Patrick nodded. “A decision of the emotions, not the intellect,” he said.
“Emotions! You have none,” said his sister. “No, I won’t subscribe to this idea, Patrick. The post-mortem will show that Mrs Mackenzie had a stroke, or her daughter will say she had some secret worry which unbalanced her. Or the chemist may have made a mistake and put up too few pills. You’ll see, there will be a rational explanation. And meanwhile you’ve frightened Cathy off. Didn’t you notice how suddenly she fled?”
“I didn’t scare her away,” Patrick said. “Her cousin Tim enticed her.”
“What do you mean?”
“He walked past while we were talking. Cathy happened to look out of the window and she saw him. I did too. He never looked towards the house - you don’t know him, do you, Jane?”
“No.”
“I recognised him all right, shaggy hair and all,” said Patrick.
“How nice of him to come over to see Cathy,” said Jane.
“Darling Jane, how you do believe the best of people,” Patrick said. “He didn’t come to cheer up Cathy, if that what’s you thinking. He came to look for this,” and he took an envelope out of his pocket.
“What is it?”
“A letter addressed to Mr Timothy Ludlow, St Mark’s College, Oxford,” Patrick said. “I found it on the gravel outside Pantons last night, where our young friend must have dropped it earlier in the evening.”
He tapped the envelope and gave her a sardonic look. “Well? Aren’t you going to ask me if I’ve read it?”
“I’m bloody sure you have,” said Jane sourly.
“You’re right,” Patrick admitted. “And rather a tiresome letter it is too, in the nature of an ultimatum. It’s just as well I found it, not the police. The young idiot’s got to find a lot of money rather quickly.”
“So he went to ask his rich old granny for some. Bully for him. Very wise,” said Jane.
“But what if granny said no?”
“But you can’t mean that Tim - a boy of twenty . . .?” Jane’s voice trailed away.
“I trust sincerely not,” said Patrick. “But this shows you what I mean, Jane. The Ludlows, like everybody else, have their secrets. By chance I’ve found out Tim’s. What about the rest of them? Phyllis has one, we know that too, by another chance.
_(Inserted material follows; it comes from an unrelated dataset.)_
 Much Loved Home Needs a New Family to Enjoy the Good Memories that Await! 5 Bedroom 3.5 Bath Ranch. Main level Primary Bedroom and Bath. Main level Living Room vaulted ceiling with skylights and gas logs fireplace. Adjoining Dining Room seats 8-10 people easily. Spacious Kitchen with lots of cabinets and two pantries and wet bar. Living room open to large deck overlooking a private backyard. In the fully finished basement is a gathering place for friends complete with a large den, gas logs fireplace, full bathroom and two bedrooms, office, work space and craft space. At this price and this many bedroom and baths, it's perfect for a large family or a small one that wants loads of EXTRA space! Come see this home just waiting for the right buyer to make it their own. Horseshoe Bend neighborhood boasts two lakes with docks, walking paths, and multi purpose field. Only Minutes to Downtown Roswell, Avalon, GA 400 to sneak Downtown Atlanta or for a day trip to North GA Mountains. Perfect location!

But there are the brothers. Derek may have something he wants to hide; so may his wife. Then there’s Gerald, the happy bridegroom; what about him? Past mistresses, perhaps? And Timothy’s brother, who seems to have left the family fold? We don’t know anything much about him. And who visited Pantons last night in a Vauxhall Viva whose number I managed to make out as it passed me in the drive?”
Jane stared at her brother. She looked frightened.
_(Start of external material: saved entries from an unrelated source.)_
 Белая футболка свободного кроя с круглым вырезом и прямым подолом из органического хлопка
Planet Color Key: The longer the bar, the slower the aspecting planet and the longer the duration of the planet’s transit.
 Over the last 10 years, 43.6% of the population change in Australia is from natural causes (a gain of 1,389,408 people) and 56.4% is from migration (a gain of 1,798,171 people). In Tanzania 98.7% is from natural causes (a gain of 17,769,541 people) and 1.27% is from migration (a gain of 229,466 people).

“I don’t like this, Patrick,” she said. “I don’t like this theorising.”
“It isn’t all theory. Some of this is fact,” Patrick said. “And only facts will do.”
“Are you going to give that letter to the police?”
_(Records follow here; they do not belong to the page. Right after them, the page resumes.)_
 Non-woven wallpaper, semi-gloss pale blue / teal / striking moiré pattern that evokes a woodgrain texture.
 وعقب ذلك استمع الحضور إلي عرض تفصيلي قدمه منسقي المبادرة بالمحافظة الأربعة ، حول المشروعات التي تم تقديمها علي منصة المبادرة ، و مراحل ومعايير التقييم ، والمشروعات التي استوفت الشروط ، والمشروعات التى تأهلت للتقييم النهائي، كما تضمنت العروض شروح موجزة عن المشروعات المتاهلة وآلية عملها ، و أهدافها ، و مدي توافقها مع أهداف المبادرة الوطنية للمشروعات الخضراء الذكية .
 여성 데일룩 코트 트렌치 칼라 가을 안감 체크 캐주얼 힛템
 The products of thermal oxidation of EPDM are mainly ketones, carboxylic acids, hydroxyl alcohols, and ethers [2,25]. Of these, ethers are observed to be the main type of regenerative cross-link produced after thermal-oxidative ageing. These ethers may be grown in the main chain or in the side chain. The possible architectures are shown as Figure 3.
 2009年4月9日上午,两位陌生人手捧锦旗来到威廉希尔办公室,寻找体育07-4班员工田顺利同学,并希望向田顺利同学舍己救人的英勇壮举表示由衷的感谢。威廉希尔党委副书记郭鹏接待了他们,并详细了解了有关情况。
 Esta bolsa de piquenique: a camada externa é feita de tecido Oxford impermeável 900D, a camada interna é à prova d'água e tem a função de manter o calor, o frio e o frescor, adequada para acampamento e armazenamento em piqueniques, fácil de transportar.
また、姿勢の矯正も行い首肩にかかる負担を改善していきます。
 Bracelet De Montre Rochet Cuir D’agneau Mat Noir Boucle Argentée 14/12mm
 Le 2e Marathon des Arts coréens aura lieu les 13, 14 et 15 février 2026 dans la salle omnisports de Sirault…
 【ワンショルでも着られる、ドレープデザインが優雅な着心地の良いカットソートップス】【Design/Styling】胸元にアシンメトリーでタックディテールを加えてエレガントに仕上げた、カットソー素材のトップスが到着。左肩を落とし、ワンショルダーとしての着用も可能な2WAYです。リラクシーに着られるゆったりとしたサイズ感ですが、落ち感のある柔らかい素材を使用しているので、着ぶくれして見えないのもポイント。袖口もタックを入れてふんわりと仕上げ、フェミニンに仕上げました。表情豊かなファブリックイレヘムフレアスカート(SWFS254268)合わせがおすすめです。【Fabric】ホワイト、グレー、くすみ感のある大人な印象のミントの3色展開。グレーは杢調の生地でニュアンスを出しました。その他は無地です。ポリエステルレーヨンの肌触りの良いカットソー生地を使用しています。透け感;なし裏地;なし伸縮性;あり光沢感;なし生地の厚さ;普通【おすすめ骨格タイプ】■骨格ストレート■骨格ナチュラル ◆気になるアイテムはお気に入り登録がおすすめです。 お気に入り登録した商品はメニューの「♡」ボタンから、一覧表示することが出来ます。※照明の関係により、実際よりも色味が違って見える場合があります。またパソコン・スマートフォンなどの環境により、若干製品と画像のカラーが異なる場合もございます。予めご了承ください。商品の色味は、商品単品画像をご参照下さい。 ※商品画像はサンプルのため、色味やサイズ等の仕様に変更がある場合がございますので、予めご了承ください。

“Not yet. Officially, we only know that Mrs Mackenzie has unfortunately died.” He paused. “We’ll see what happens at the inquest. By that time I may have found out some other secrets, enough to show me who has one important enough to yield a motive for murder.”
Betty Ludlow had moved from the shrubbery to the herbaceous border. There were still vivid patches of colour in it, where Michaelmas daisies and coreopsis bloomed, and huge-faced daisies like giant sunflowers; but there were other, withered shoots to be cut down, and it was not too soon to start forking over the earth in readiness for winter. Across an area where only peonies and lupins were supposed to be, a rapid-spreading artemesia straggled, strangling weaker plants, and she attacked it fiercely; it would soon reappear as strongly as before.